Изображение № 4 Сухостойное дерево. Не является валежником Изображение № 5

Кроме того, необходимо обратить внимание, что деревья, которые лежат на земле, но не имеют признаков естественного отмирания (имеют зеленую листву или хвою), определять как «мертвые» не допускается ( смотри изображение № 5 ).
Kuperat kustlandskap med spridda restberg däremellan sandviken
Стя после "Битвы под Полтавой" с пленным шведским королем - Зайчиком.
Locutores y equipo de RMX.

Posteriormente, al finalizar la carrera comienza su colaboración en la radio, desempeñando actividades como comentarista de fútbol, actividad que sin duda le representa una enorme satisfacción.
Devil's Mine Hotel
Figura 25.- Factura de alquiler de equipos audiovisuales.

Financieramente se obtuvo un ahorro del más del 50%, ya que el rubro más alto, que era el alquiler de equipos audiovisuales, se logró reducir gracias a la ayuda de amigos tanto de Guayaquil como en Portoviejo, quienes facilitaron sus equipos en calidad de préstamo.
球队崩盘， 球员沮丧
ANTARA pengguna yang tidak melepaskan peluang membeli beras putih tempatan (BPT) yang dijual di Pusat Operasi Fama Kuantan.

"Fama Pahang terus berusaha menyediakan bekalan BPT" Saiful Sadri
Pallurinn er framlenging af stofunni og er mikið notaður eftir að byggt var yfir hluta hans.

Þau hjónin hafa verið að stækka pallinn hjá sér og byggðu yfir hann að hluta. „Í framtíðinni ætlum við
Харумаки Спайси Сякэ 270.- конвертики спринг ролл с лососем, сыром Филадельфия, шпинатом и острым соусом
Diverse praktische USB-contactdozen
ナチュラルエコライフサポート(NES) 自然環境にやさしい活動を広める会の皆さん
══════
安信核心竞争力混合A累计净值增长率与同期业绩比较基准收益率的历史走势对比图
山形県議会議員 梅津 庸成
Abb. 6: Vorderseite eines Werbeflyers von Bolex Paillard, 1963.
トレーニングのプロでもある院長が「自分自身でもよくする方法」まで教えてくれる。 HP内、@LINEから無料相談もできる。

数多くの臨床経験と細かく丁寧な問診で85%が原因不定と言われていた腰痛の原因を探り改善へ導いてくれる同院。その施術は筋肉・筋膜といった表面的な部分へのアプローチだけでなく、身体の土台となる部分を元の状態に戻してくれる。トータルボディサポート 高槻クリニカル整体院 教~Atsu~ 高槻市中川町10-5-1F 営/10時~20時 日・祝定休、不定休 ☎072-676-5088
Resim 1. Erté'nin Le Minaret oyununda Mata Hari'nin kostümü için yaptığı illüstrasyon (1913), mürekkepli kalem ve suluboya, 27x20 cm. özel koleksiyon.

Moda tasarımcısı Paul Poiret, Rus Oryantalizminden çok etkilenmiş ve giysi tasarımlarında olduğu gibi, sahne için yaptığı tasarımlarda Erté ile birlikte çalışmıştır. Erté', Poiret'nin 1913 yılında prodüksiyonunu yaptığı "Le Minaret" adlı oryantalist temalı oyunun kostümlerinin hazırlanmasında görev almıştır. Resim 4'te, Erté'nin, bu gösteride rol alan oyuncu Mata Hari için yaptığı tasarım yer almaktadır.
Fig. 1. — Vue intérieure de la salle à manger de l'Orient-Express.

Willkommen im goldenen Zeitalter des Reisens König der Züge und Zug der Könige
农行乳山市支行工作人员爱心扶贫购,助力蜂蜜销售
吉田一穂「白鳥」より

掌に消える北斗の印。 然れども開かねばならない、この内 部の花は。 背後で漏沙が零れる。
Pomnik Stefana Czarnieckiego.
══════
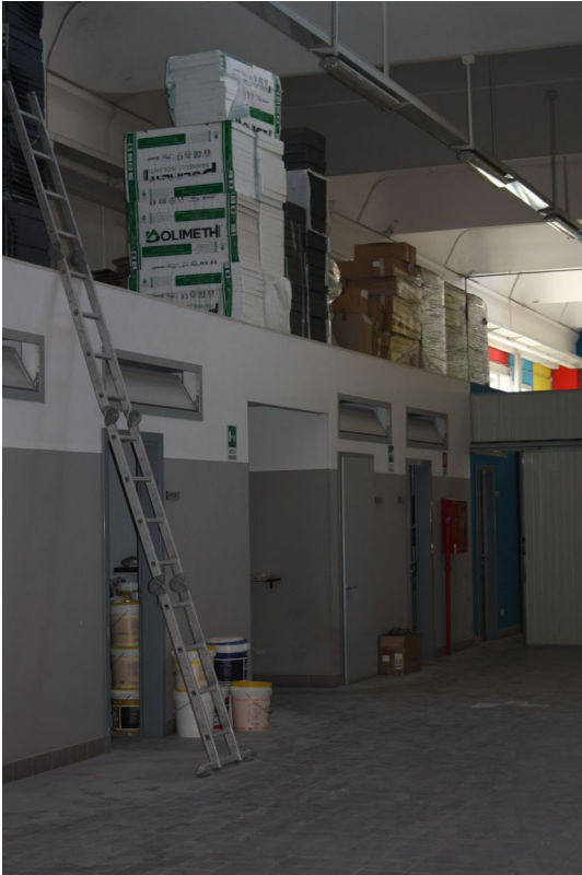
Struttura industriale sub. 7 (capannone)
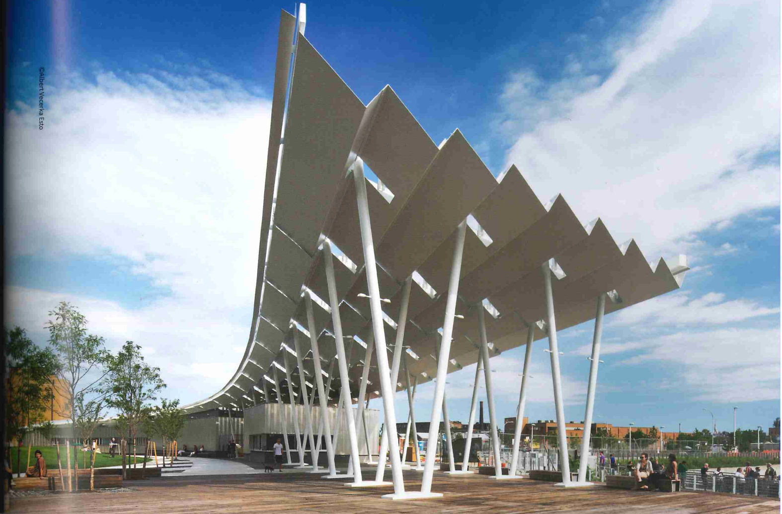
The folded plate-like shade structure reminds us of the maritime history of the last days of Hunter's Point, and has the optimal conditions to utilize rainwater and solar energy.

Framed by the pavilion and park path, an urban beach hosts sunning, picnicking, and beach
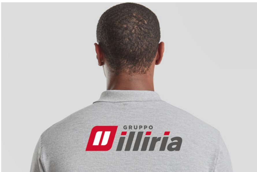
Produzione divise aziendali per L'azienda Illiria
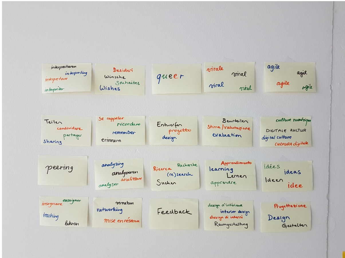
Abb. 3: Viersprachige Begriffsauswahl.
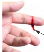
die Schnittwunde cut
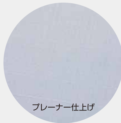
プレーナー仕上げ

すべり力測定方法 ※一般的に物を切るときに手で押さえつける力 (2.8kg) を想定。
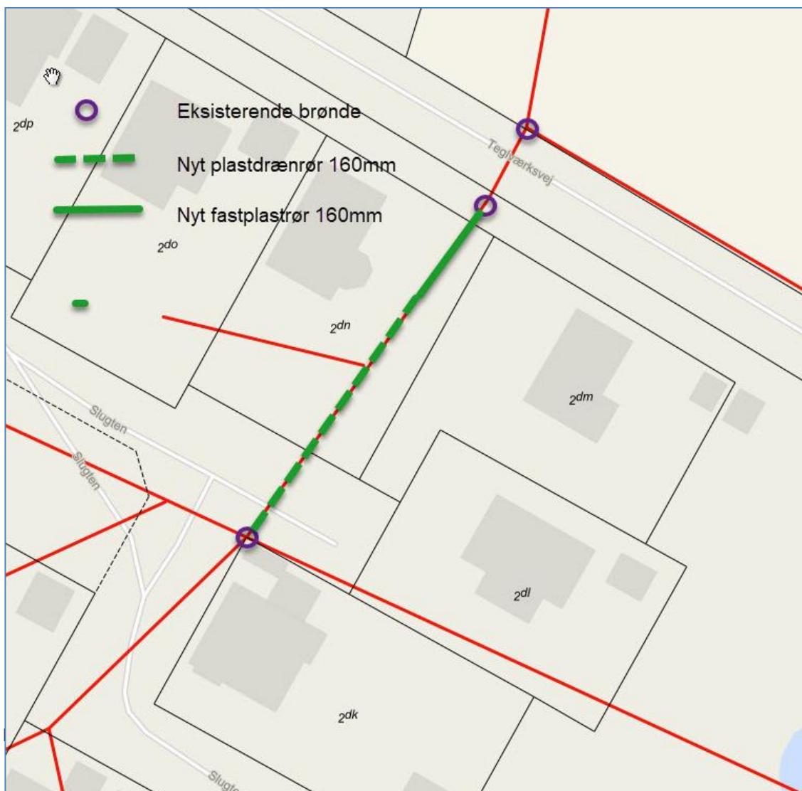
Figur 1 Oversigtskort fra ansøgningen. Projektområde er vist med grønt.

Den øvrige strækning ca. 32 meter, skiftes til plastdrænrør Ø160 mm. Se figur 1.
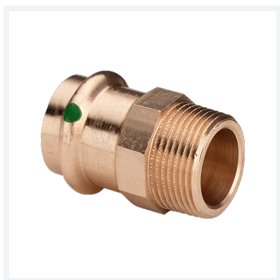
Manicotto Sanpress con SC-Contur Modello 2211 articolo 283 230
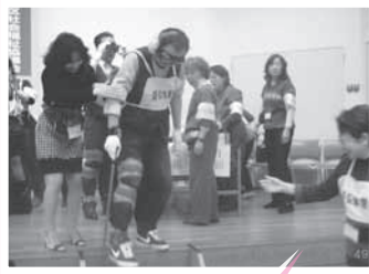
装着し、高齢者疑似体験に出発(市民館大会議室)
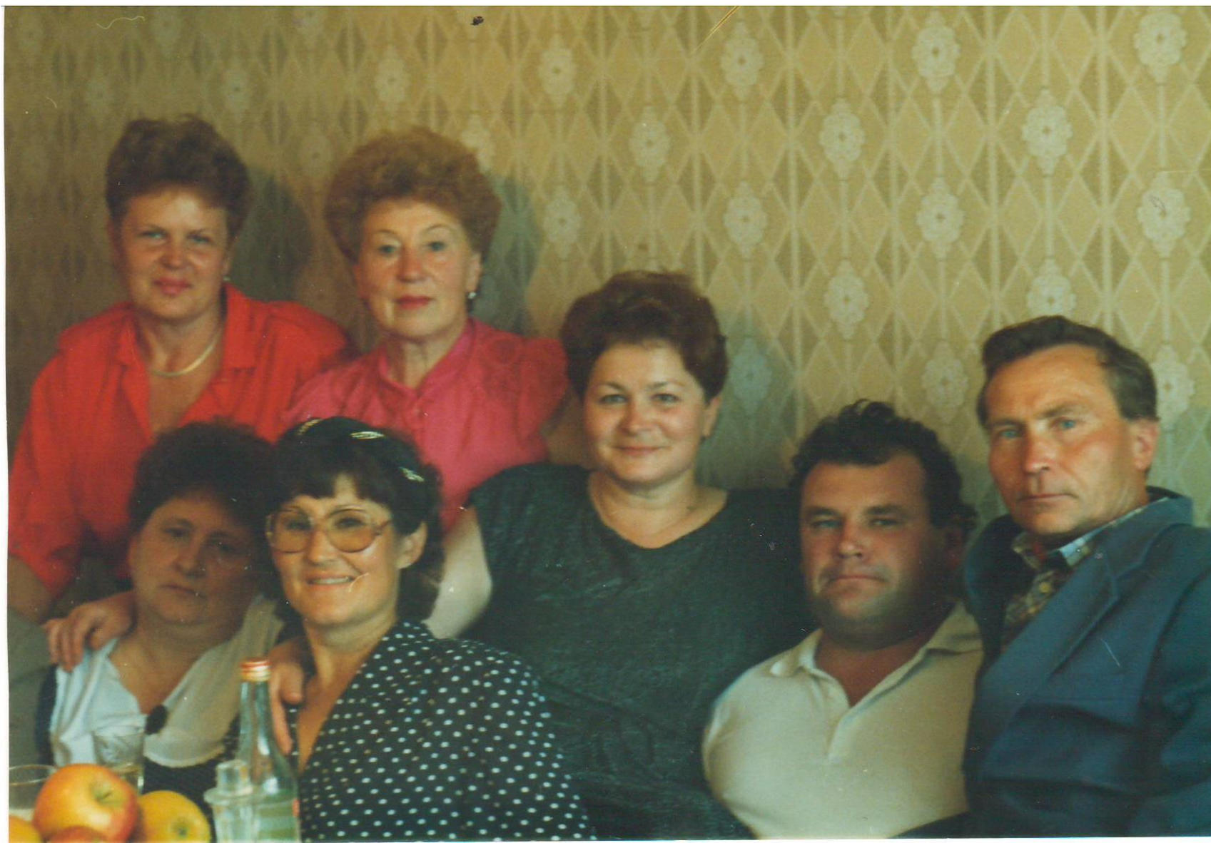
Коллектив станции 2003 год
══════
:: Your objective ::
A verbatim transcription is needed of the lines above, starting at the line with "Изображение № 4" and ending at the line with "Figura 25.- Factura", both included, and of nothing else.

:: Response for this exercise ::
Изображение № 4 Сухостойное дерево. Не является валежником Изображение № 5

Кроме того, необходимо обратить внимание, что деревья, которые лежат на земле, но не имеют признаков естественного отмирания (имеют зеленую листву или хвою), определять как «мертвые» не допускается ( смотри изображение № 5 ).
Kuperat kustlandskap med spridda restberg däremellan sandviken
Стя после "Битвы под Полтавой" с пленным шведским королем - Зайчиком.
Locutores y equipo de RMX.

Posteriormente, al finalizar la carrera comienza su colaboración en la radio, desempeñando actividades como comentarista de fútbol, actividad que sin duda le representa una enorme satisfacción.
Devil's Mine Hotel
Figura 25.- Factura de alquiler de equipos audiovisuales.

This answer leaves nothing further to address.